-- Your instructions --
In the entries below, begin at the line with "Am letzten Donnerstag" and stop after the line with "Нашли Малыша несколько"; output those lines exactly and omit the pictures.

-- Material to process --
==*==
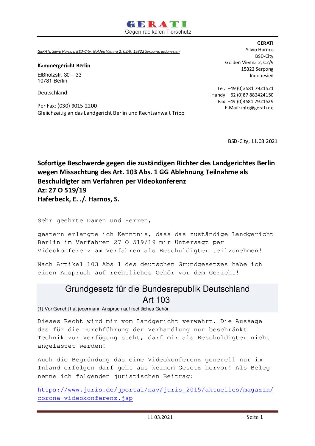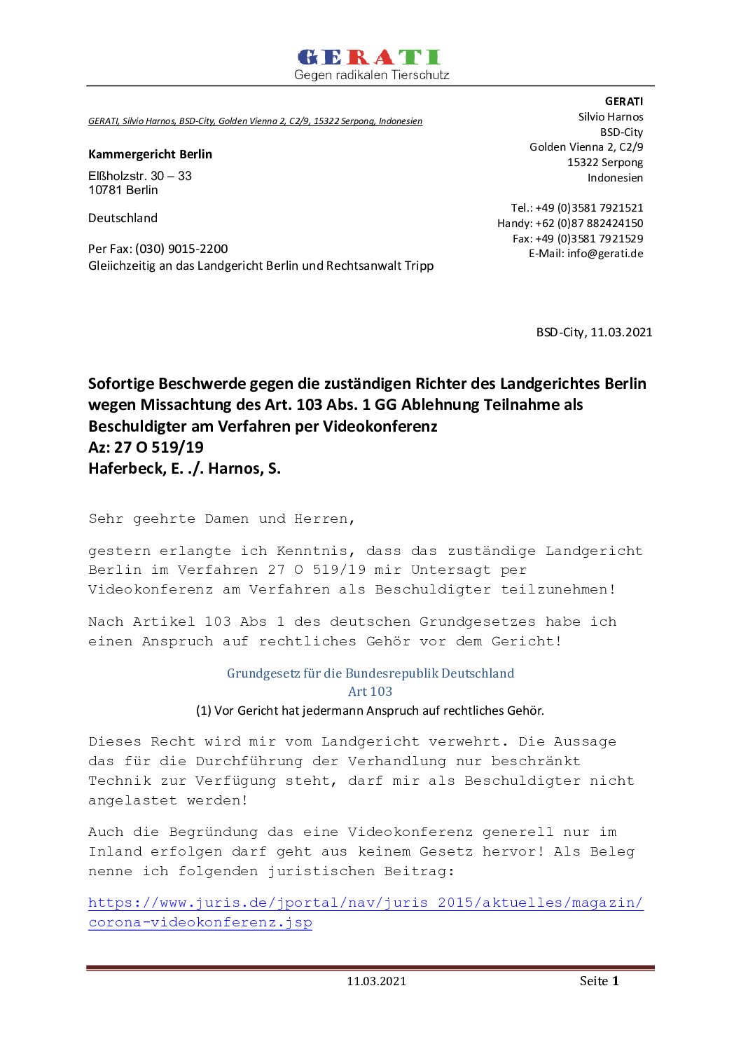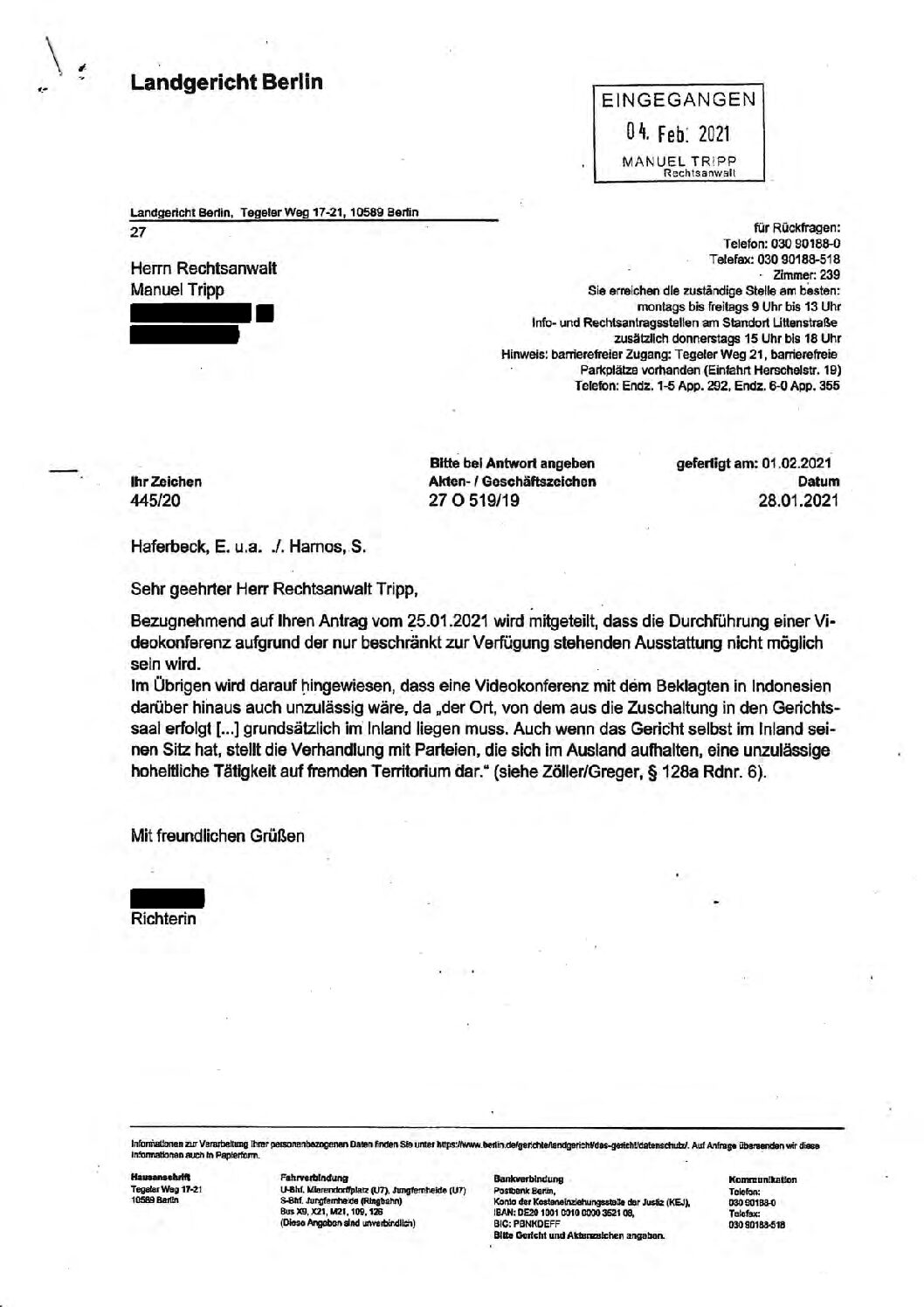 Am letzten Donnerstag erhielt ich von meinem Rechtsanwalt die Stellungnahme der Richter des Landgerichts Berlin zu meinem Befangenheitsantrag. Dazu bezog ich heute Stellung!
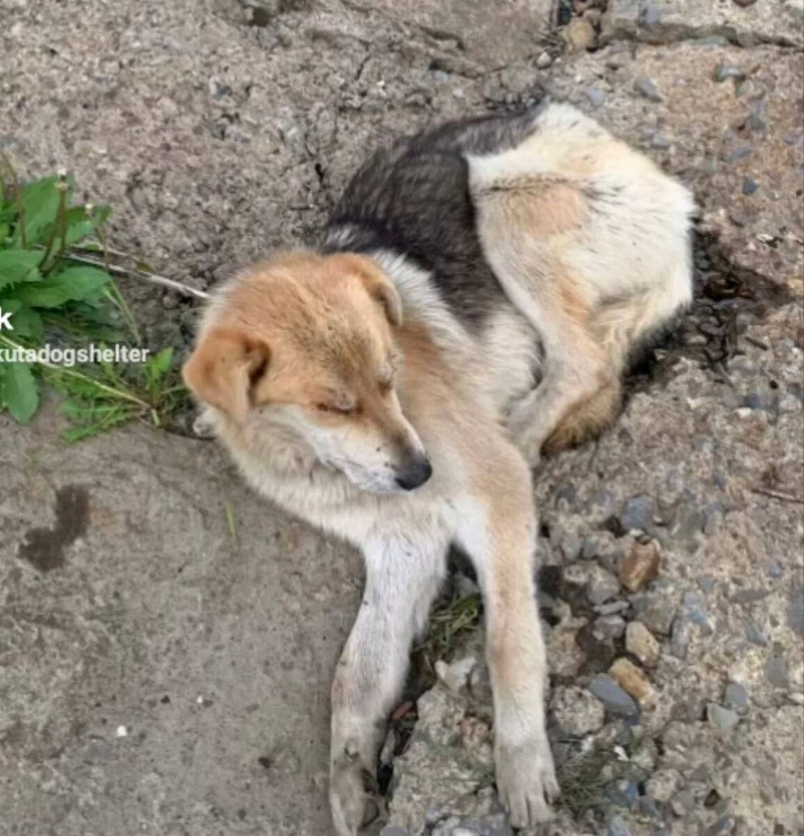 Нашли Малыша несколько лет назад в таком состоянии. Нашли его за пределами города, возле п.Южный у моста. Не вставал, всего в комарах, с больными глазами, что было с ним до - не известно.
==*==
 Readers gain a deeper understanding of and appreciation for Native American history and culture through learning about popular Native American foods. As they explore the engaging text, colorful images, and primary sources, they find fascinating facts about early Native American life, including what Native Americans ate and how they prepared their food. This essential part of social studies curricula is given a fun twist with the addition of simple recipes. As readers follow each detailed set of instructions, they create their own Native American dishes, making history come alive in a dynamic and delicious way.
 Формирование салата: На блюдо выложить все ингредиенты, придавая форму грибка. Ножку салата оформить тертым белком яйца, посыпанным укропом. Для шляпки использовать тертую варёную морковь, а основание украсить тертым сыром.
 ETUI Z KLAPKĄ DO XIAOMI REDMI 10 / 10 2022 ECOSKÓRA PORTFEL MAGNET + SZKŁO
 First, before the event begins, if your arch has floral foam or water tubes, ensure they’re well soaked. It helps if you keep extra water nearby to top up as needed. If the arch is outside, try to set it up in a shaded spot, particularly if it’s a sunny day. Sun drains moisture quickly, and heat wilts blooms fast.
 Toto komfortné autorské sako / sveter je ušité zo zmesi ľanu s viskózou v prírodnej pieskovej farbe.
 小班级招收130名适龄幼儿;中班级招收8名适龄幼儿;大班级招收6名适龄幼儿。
==*==
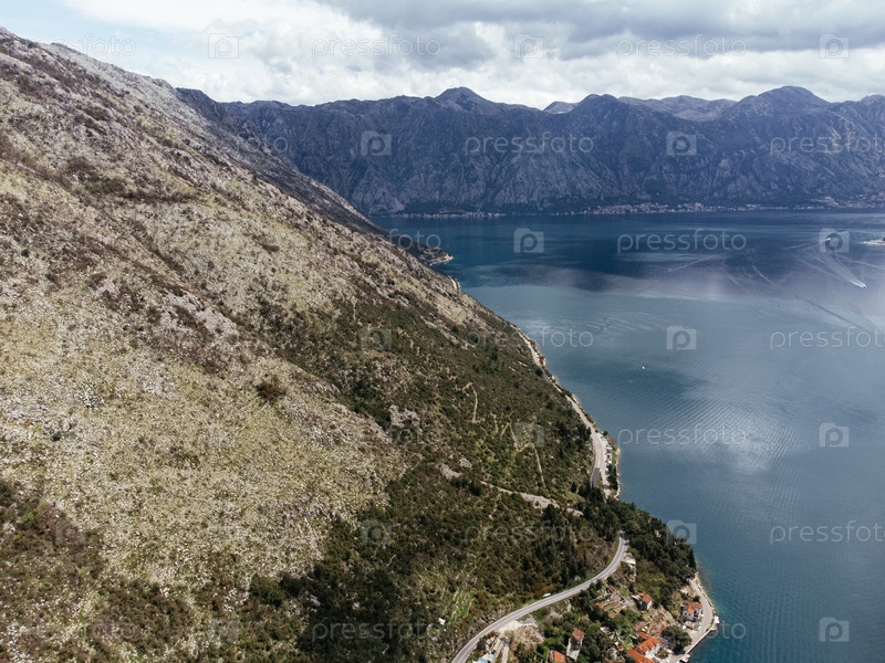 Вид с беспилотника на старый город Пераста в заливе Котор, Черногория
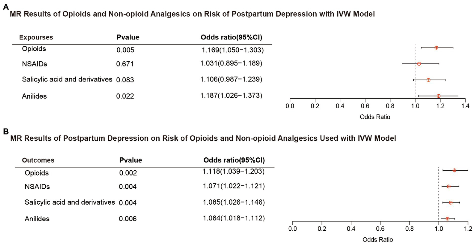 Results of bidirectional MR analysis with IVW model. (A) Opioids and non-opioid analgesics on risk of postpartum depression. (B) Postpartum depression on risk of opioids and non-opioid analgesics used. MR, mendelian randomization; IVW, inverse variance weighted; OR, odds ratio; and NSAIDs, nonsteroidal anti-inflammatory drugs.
==*==
-- Answer box --
 Am letzten Donnerstag erhielt ich von meinem Rechtsanwalt die Stellungnahme der Richter des Landgerichts Berlin zu meinem Befangenheitsantrag. Dazu bezog ich heute Stellung!
 Нашли Малыша несколько лет назад в таком состоянии. Нашли его за пределами города, возле п.Южный у моста. Не вставал, всего в комарах, с больными глазами, что было с ним до - не известно.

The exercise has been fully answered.